To better understand the details of this inflammatory process as it unfolds in atherosclerosis, the Wistar researchers worked with a strain of experimental mice lacking the gene for a specific pivotal lipoxygenase enzyme. They then crossed these mice with other strains of mice genetically prone to atherosclerosis. Would the resulting mice without the lipoxygenase enzyme be protected from developing atherosclerosis, or would their genetic susceptibility to atherosclerosis win out? Either way, precisely what mechanisms were at work in the vessel walls?

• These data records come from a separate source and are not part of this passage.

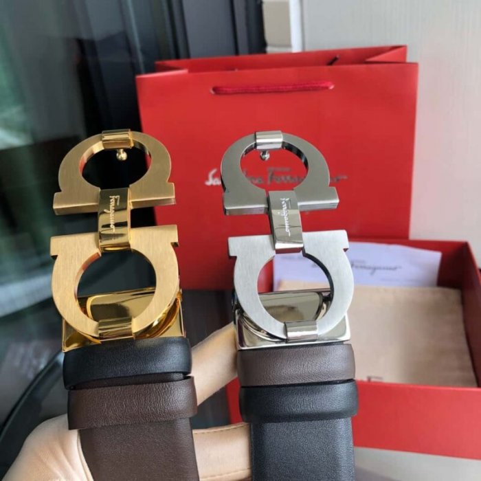 • Ferragamo菲拉格慕 男士牛皮黑色/棕色双面可用腰带 3.5cm
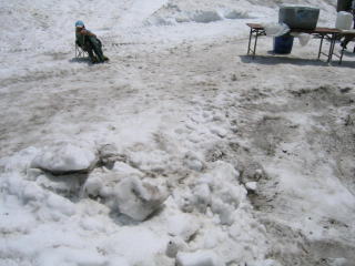 今年は雪が多く、コース上の上の方は雪のコースの様です。
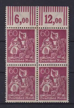 Dt.Reich MiNo. 184 ** Oberrand-4er-Bl. Walze 2´9´2/3´7´3
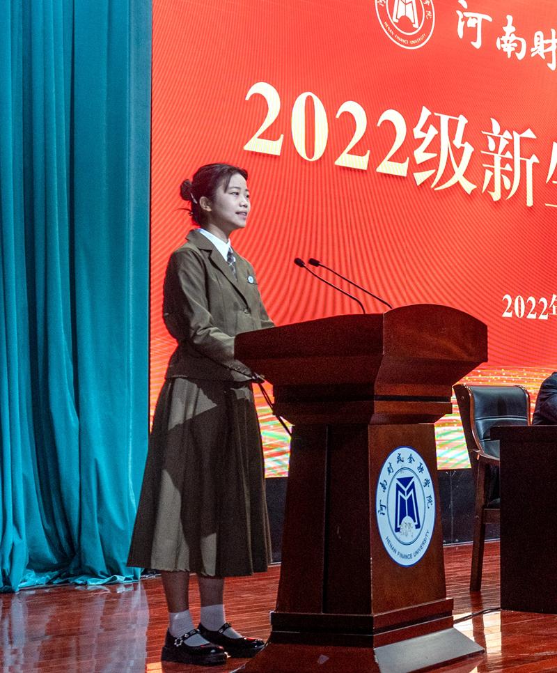 新生代表财政税务学院2022级税收学1班张恬畅同学发言
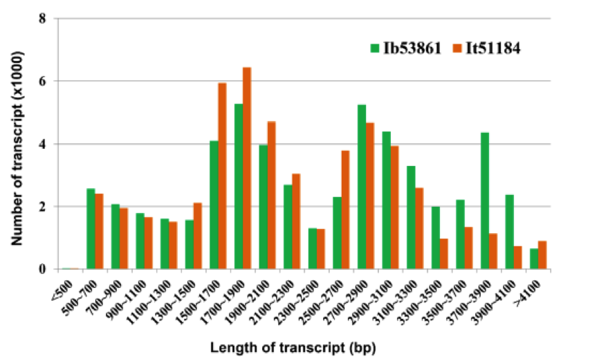 圖3. 在甘薯(Ib53861)和野生甘薯(It51184)中的53,861個(gè)非冗余轉(zhuǎn)錄物的數(shù)量和長度分布。
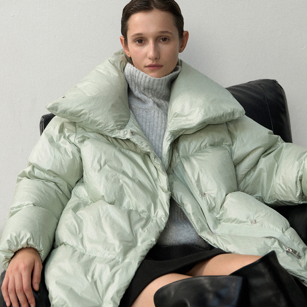 (JP-557)WRINKLE SHINING DOWN JUMPER
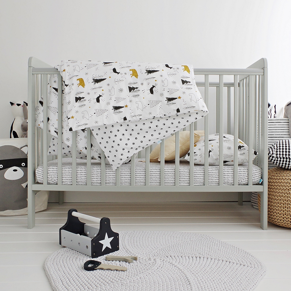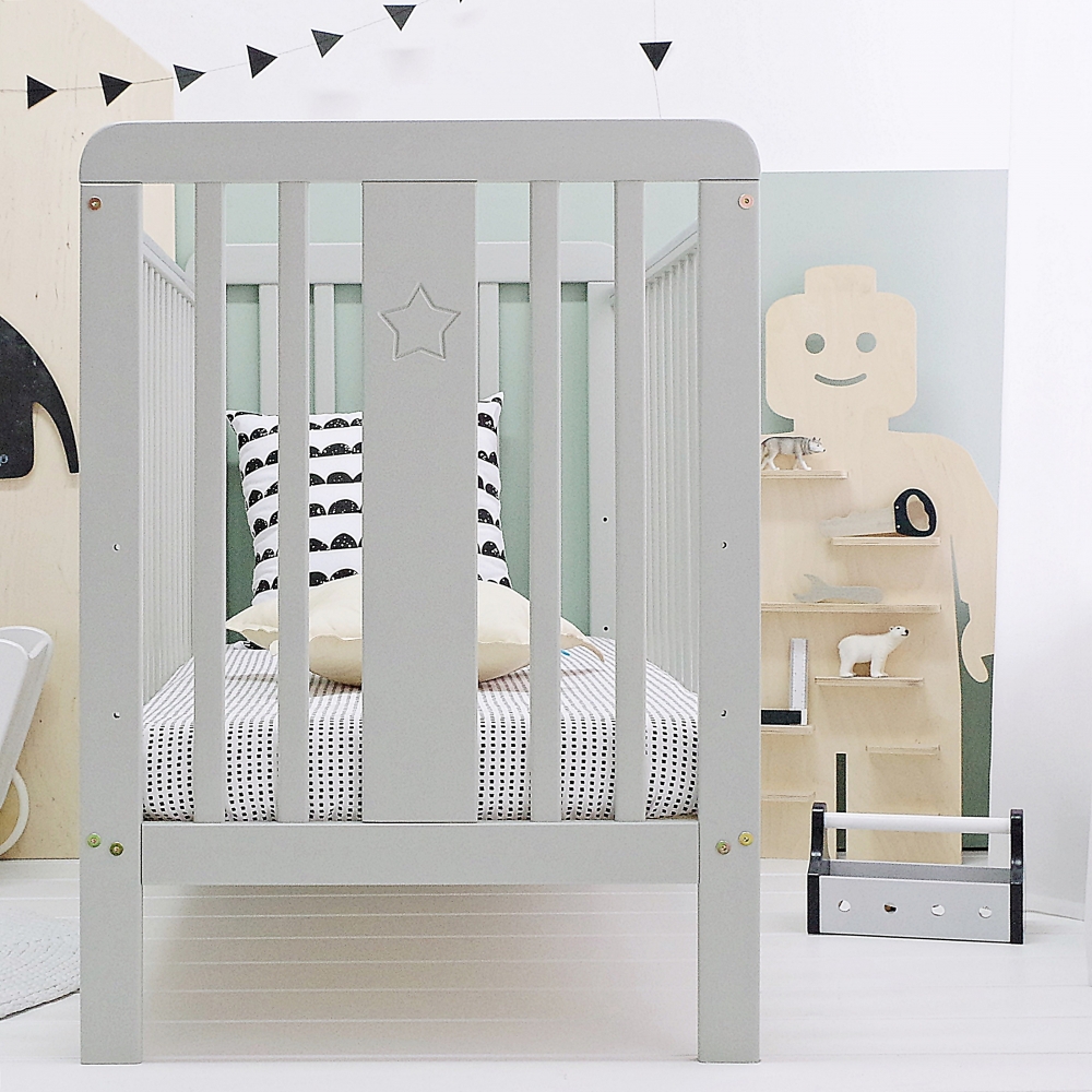 Patut din lemn pentru bebe inaltime saltea reglabila Star Baby Gri 120×60 cm
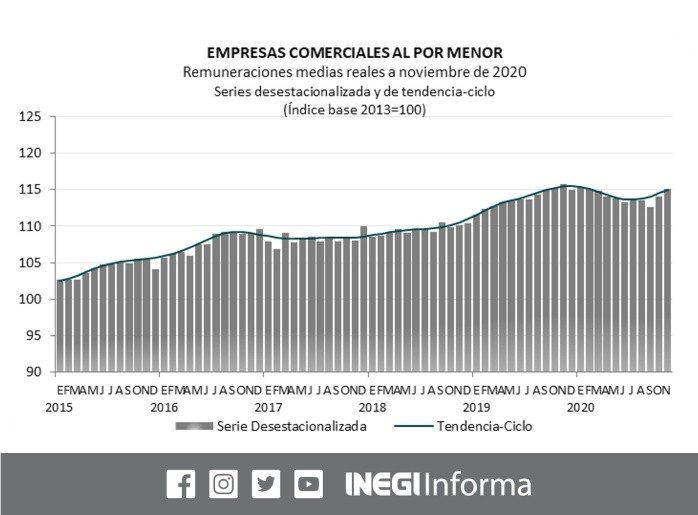 Gracias a la extensión de la campaña de El Buen Fin, en noviembre pasado las ventas minoristas tuvieron uno de sus mejores meses dentro del proceso de recuperación que inició en mayo, de acuerdo con los datos más recientes publicados por el Instituto Nacional de Estadística y Geografía (Inegi).Los ingresos reales por suministro de bienes y servicios de las empresas comerciales al por menor presentaron un alza de 3.3% en noviembre de 2020 respecto al mes inmediato anterior, más que compensando la baja de 0.2% reportada en octubre y superando el 1.2% estimado por los especialistas.Ocho de los nueve principales componentes de las ventas al menudeo tuvieron un crecimiento mensual, pero las ventas de productos textiles, las automotrices y las de artículos de ferretería fueron las que más se beneficiaron, pues crecieron por encima del índice general, explicó Daniel Arias, analista económico de Monex.A nivel de subcomponentes, 16 de 22 rubros incrementaron sus ingresos, destacando el avance de 5.4% mensual en las ventas de automóviles y camionetas, de 5.8% en las ventas de ropa y de 11.9% en las ventas de las tiendas departamentales. No obstante, estas últimas habían sufrido un desplome de 15.7% durante el mes de octubre, por lo que el alza del mes compensa solo parcialmente las pérdidas, agregó el especialista en su análisis.Pese al buen desempeño de las ventas al menudeo durante el penúltimo mes del año, se mantienen 4.7% por debajo de los niveles reportados un año antes. Solo cuatro de los componentes presentan ingresos superiores a los de hace un año, mientras que el resto presentan rezagos, en su mayoría de dos dígitos.NR
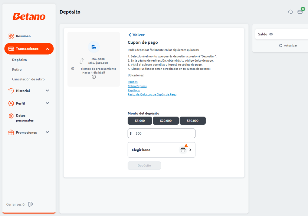 | Rapipago | Método en efectivo. Generás un cupón desde el casino y se paga en un local. | $500 | Bplay, Betsson |
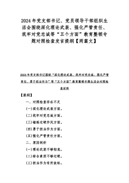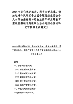 2024年深化理论武装、筑牢对党忠诚、锻炼过硬作风等五个方面专题组织生活会个人对照检查材料与纪检监察干部主题教育暨教育整顿专题组织生活会对照检查材料发言提纲【两篇文】
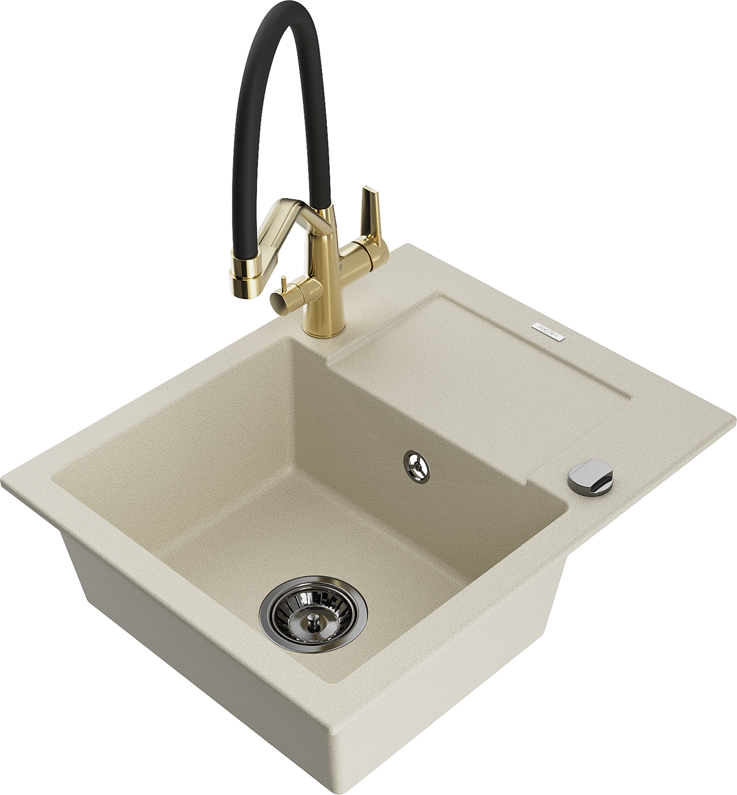 Mexen Enzo évier en granit à 1 bac avec égouttoir et robinet de cuisine Duo, beige - 6506-69-671701-57-B

Focused as they were on the atherosclerotic process in the blood vessel walls, the researchers nearly overlooked a significant change taking place in another part of the body: To their surprise, they noticed that the spleens of the mice lacking lipoxygenase became enlarged, dramatically so in some cases. In 15 percent of the mice, the spleens grew 5 to 10 times their normal size at the end of a year.

"As immunologists, we couldn't ignore this," Puré says. "The spleen is an important organ of the immune system."

Exploring their observation, the scientists ascertained that the spleens of all of the mice in the experiments were somewhat enlarged, swollen with cells called granulocytes and macrophages, members of a family of immune cells called myeloid cells. The majority of mice were seen to have myeloid proliferative disease, a precursor to CML. And 15 percent of the mice had full-blown leukemias.

"The enzyme we were looking at is expressed in the progenitor cells in the bone marrow that give rise to all the different types of cells in one branch of the immune system," Puré notes. "So perhaps we shouldn't have been shocked to see that it had an effect on these cells to remove the enzyme from the system."

The silver lining in the situation, Puré says, is that the strain of mice used in their study may be the best model for human CML yet found. The subset of the mice with myeloid proliferative disease closely mimic the asymptomatic early stages of CML, while the 15 percent with clear CML model the crisis, or "blast," stage of the disease.